Latest Release

A brief introduction to MMBatch followed by what's new in the latest release.

Overview

Memory Machine Batch (MMBatch) captures the entire running state of a Batch Job into a consistent image and restores the Job on a new Compute Instance without losing any work progress. It ensures a high quality of service at the Batch level using low-cost, but unreliable Spot-based Compute Instances. For more details, visit the MMBatch website.

New in the 1.4 Release

The MMBatch 1.4 release adds new features, improves the user experience and enhances telemetry.

MemVerge GPU SpotSurfing

GPU SpotSurfing is a checkpointing and recovery feature designed to seamlessly manage Spot terminations on GPU instances. By integrating checkpointing with cloud automation, this service enables stateful workloads to run safely on GPU Spot instances, reducing compute costs by up to 70%, all without requiring any changes to your application code.

NVIDIA GPU Checkpoint & Restore Support

New support for checkpointing and restoring GPU-based workflows, such as:
- parabricks-fq2bam
- parabricks-germline

Job List View in Application Window

New job list view that shows job status, maximum root filesystem usage of the container, and detailed job events.

Downloadable Worker Node CSV

Users can now download a CSV file containing all finished worker node details.

Checkpoint Cleanup Improvements

When not in diagnostic mode, checkpoints are now automatically cleaned up if the restore succeeds or the job finishes.

Known Limitations

Cross Availability Zone Data Migration: If the batch queue is bound to a multi-availability zone compute environment, EBS volume data migration is required when a job restarts in a different zone. Migration time can range from minutes to hours, depending on AWS load.

EBS Volume Detachment Delays on AWS Instance Termination: When AWS terminates an instance, detaching its associated EBS volume may take longer than 5 minutes. This delay is due to AWS's instance termination behavior, which can prevent the instance from flushing in-memory data to the EBS volume, clearing file system caches, or cleanly unmounting the volume.
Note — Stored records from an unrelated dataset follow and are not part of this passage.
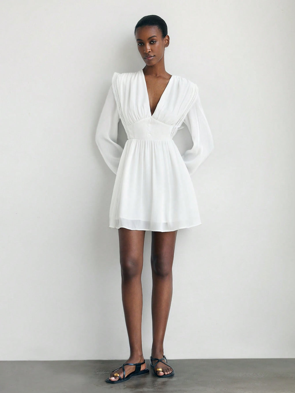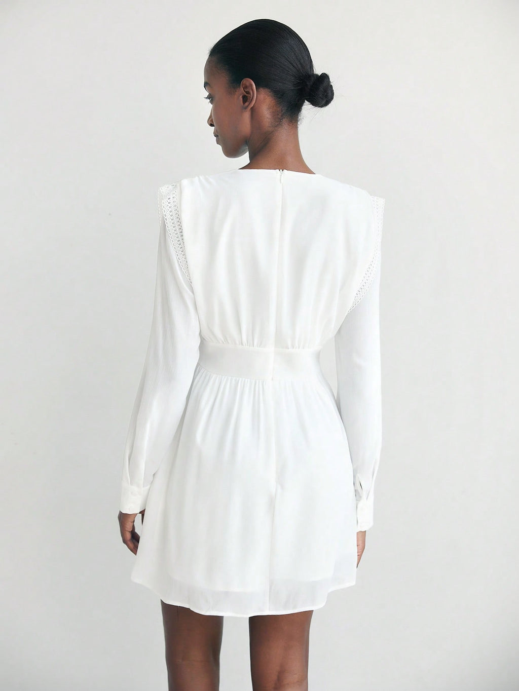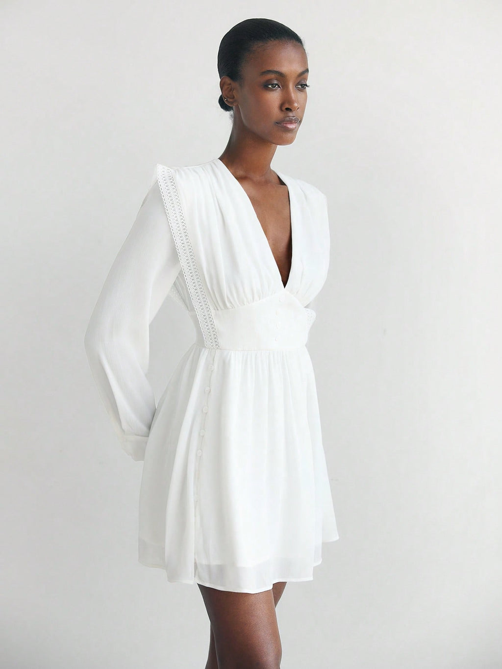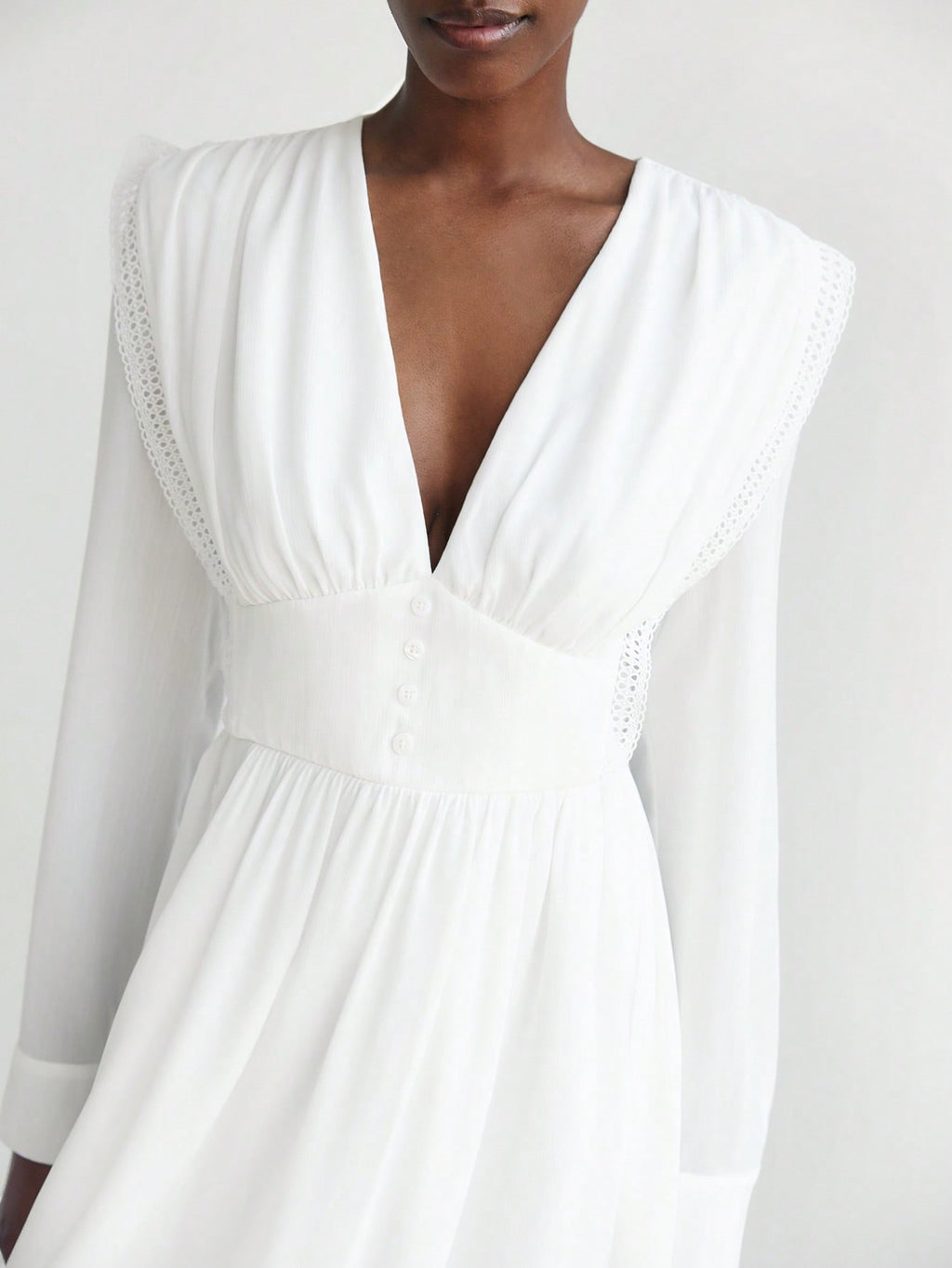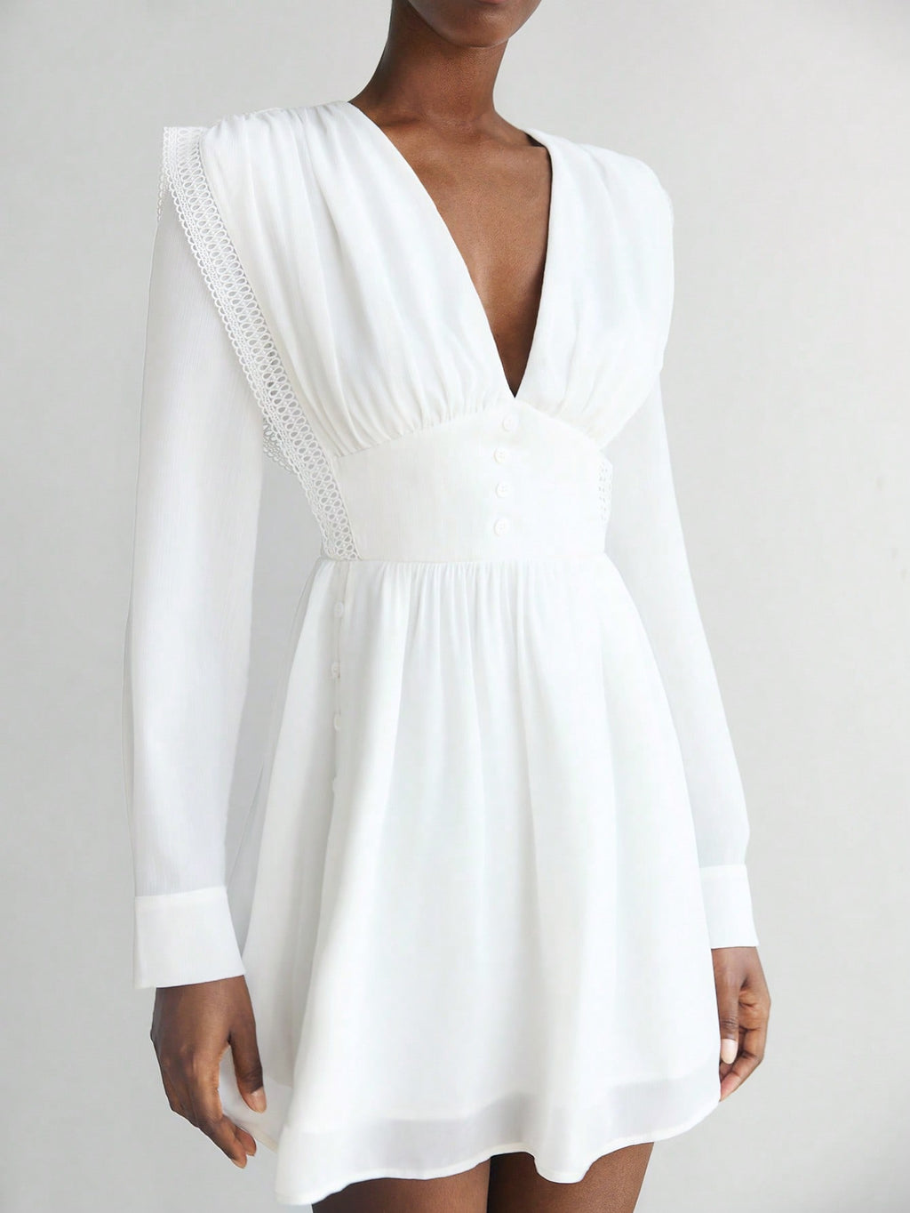 BELLAVOG Vacation Style Lace Patchwork V-Neck White Women Short Dress, Music Festival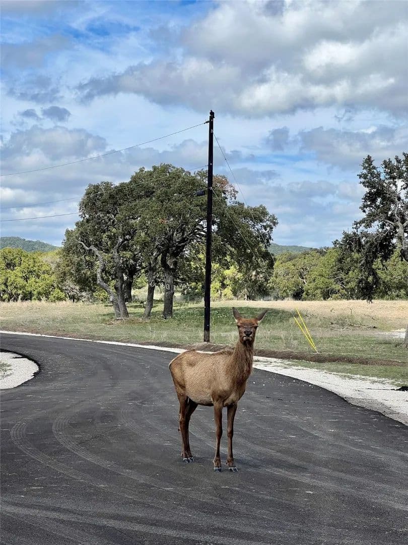 Private Gated Elk Mountain Ranch-Wildlife Exempt. Amazing Hill Country Views and minutes from Historic Boerne. Enjoy the views and large herd of Elk and other wildlife including turkey and deer. This lot is located towards the back in a cul-de-sac with beautiful large trees and a perfect building area. Back of the lot backs up to other privately owned land. Well and septic will be needed. No time frame to build your dream home and/or guesthouse or Barndominium.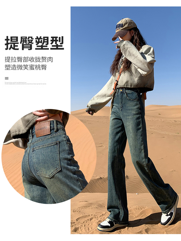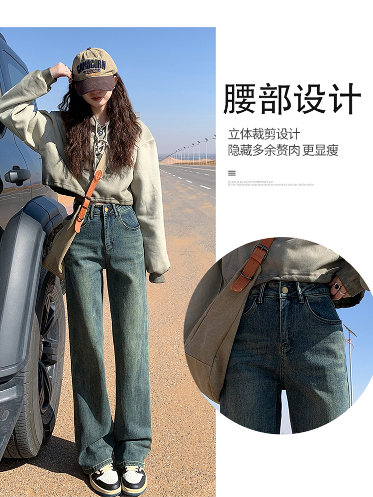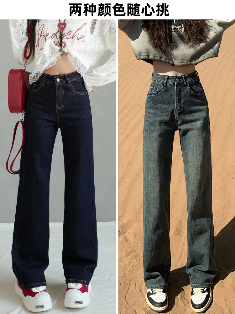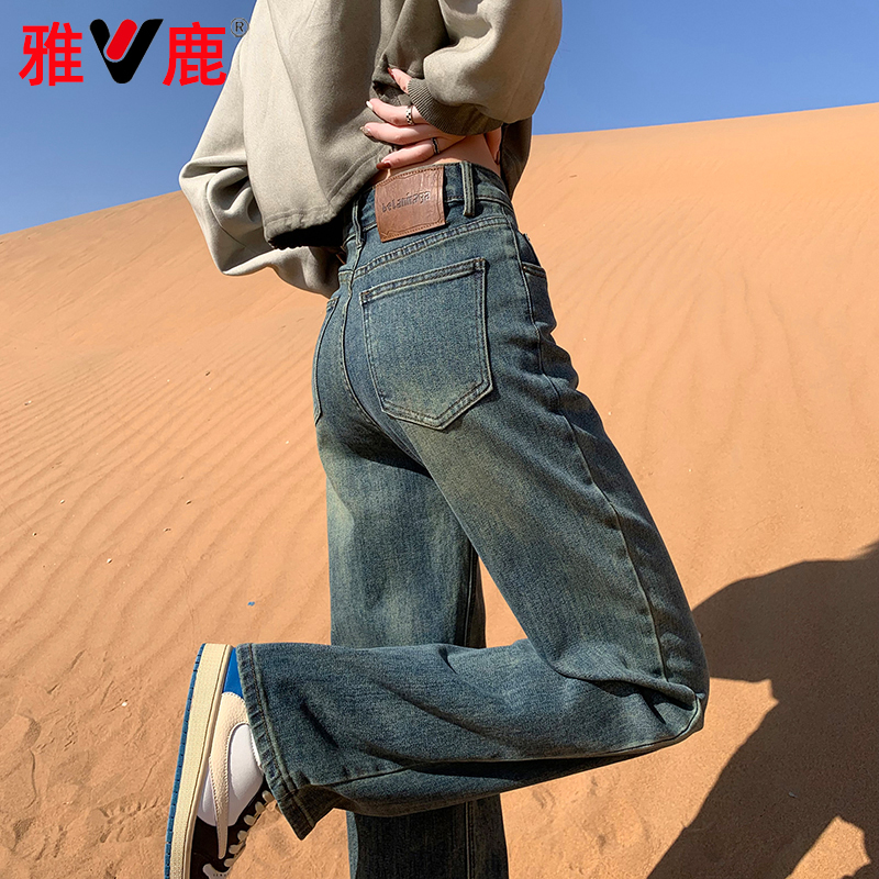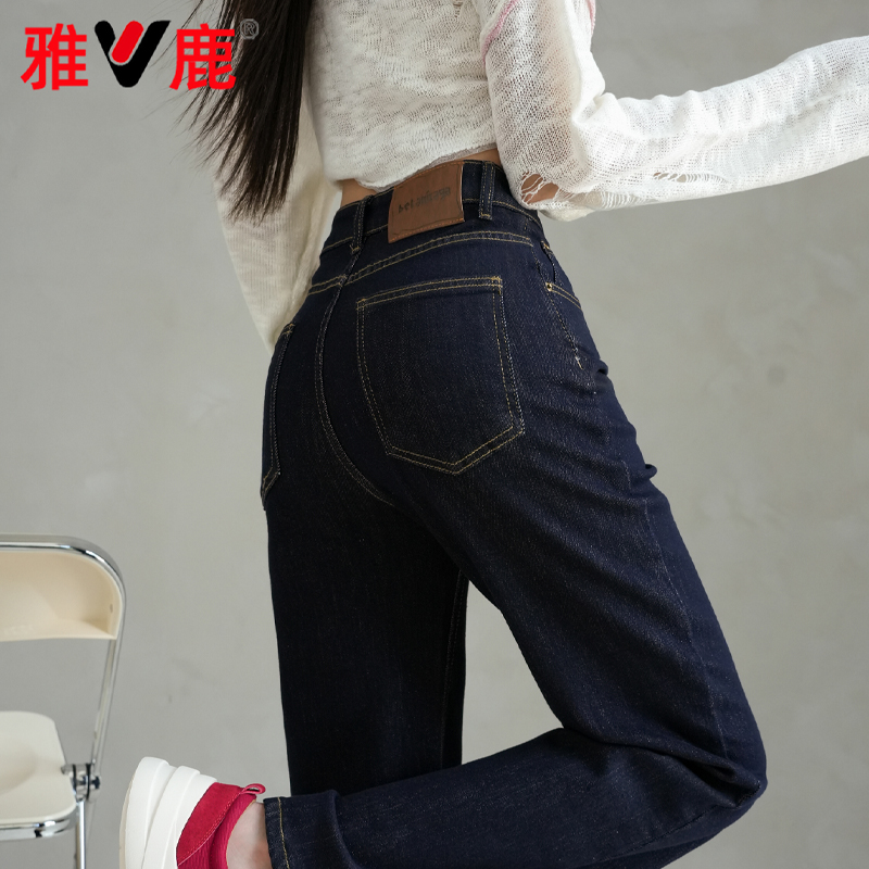 雅鹿窄版阔腿牛仔裤女秋冬2025新款高腰显瘦小个子宽松直筒裤加绒

Leftover Volumes in Cross-Zone Restarts: If a restarted job runs before the old node is reclaimed, the system may fail to remove the old EBS volume, leaving an orphaned volume in the user’s environment.

Spot reclaim protection is not supported during restore: If a spot reclaim happens during restore, MMBatch will retry the restore on a new instance.

Managed EBS needs to be enabled: This is required for file consistency when saving files under root when running on Amazon Linux 2 and using Juice FS for scratch and checkpoint directories.

MMBatch checkpoint does not support file-backed memory: File-backed memory is considered quadrant #3 and #4 in Linux TOP command output. An example of file-backed memory could be saved to files under /dev/shm, which is a temporary file storage filesystem that uses memory for the backing store.

AWS S3 Throughput Limitations with Concurrent Access: When using AWS S3 as a storage backend, particularly with multiple file systems accessing the same bucket concurrently (e.g., JuiceFS used as a scratch directory in Nextflow pipelines), throughput limitations may be encountered. This can manifest as [Errno 5] Input/output error messages in Nextflow logs. For best practices and optimization strategies to mitigate this, refer to the AWS S3 documentation on Optimizing Amazon S3 Performance.

PreDump Occurs even if MMC_CHECKPOINT_INTERVAL is set to 0: The only way to disable predump would be to set the checkpoint to a number larger than the largest interval using MMC_CHECKPOINT_INTERVAL. The current default, if MMC_CHECKPOINT_INTERVAL is not set, is 15 minutes.

'Total Run Time' is different between AWS batch engine and MMBatch engine: When MMBatch performs its final checkpoint, it first pauses the job's container. The container is only terminated after checkpointing is complete. Since AWS Batch calculates a job's end time based on container termination, this creates a discrepancy in job run times: the additional time reflects the duration MMBatch spent on checkpointing after pausing the container. This results in a slight discrepancy of up to 2 minutes (the max time before the EC2 Spot instance is reclaimed) while the checkpoint is finalized, which is negligible in the total runtime of a job.